Namun, menurut dia, jumlah calon presiden dan wakil presiden yang akan mengikuti kontestasi juga harus diatur. Aturan itu harus memuat batasan minimal atau maksimal jumlah kandidat.

Dede mengatakan, MK juga menyerahkan kepada pembuat undang-undang untuk melakukan rekayasa konstitusional. Rekayasa itu perlu dilakukan untuk mengatur jumlah ideal pasangan calon di pilpres.

"Misalnya minimal kita nanti melalui undang-undang pemilu, pilpres ini kita lihat apakah lima dan maksimalnya misalnya sepuluh atau berapa. Karena enggak mungkin juga 20 (pasangan calon), karena pasti membingungkan," kata dia.

Menurut dia, saat ini para anggota DPR masih menjalani masa reses. Ia mengatakan, proses pembahasan itu baru akan dilakukan usai masa reses selesai.

"Setelah komisi masuk bersidang, kami akan membuat panja terkait undang-undang pilpres, pemilu, dan lain-lain ini menjadi omnibus, salah satu omnibus. Di situ kita harus mencari, tadi, apa namanya, rekayasa konstitusi, mana yang tetap merepresentasikan setiap warga negara berhak mengikuti," kata dia.

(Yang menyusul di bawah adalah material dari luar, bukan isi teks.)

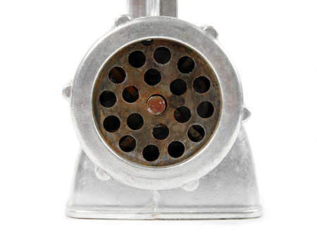 Meat grinder. Old retro meat grinder grunge rust isolated on white with clipping path. Design element.

Dede mengatakan, pihaknya akan membahas jumlah kandidat yang ideal dalam pelaksanaan Pilpres. Pembahasan itu tentunya akan melibatkan seluruh pemangku kepentingan.

"Berapa banyak, mau empat kah, mau minimal lima, paling banyak berapa gitu ya. Nah itu nanti kita masukkan dalam panja," kata dia.

Akhir Rezim Presidential Threshold - (Republika)

MK memutuskan untuk menghapus ambang batas pencalonan presiden. MK pun memberikan lima pedoman bagi pembentuk undang-undang, yakni DPR dan pemerintah untuk melakukan rekayasa konstitusional.

Ambang batas minimal persentase pengusulan pasangan capres-cawapres sebagaimana tercantum dalam Pasal 222 UU Nomor 7 Tahun 2017 tentang Pemilihan Umum (UU Pemilu) tak hanya dinilai bertentangan dengan hak politik dan kedaulatan rakyat, namun juga melanggar moralitas, rasionalitas, dan ketidakadilan yang intolerable serta nyata-nyata bertentangan dengan UUD NRI Tahun 1945. Alasan inilah yang menjadi dasar bagi MK untuk bergeser dari pendirian dalam putusan-putusan sebelumnya terkait uji materi ambang batas pencalonan presiden.

“Pergeseran pendirian tersebut tidak hanya menyangkut besaran atau angka persentase ambang batas, tetapi yang jauh lebih mendasar adalah rezim ambang batas pengusulan pasangan calon presiden dan wakil presiden (presidential threshold) berapapun besaran atau angka persentasenya adalah bertentangan dengan Pasal 6A ayat (2) UUD NRI Tahun 1945,” ujar Wakil Ketua MK Saldi Isra saat membacakan pertimbangan hukum Perkara Nomor 62/PUU-XXII/2024 pada Kamis (2/1/2025).

Dalam putusan ini, MK memberikan pedoman bagi pembentuk undang-undang untuk melakukan rekayasa konstitusional agar tidak muncul pasangan capres-cawapres dengan jumlah yang terlalu banyak. Pertama, semua partai politik peserta pemilu berhak mengusulkan pasangan calon presiden dan wakil presiden.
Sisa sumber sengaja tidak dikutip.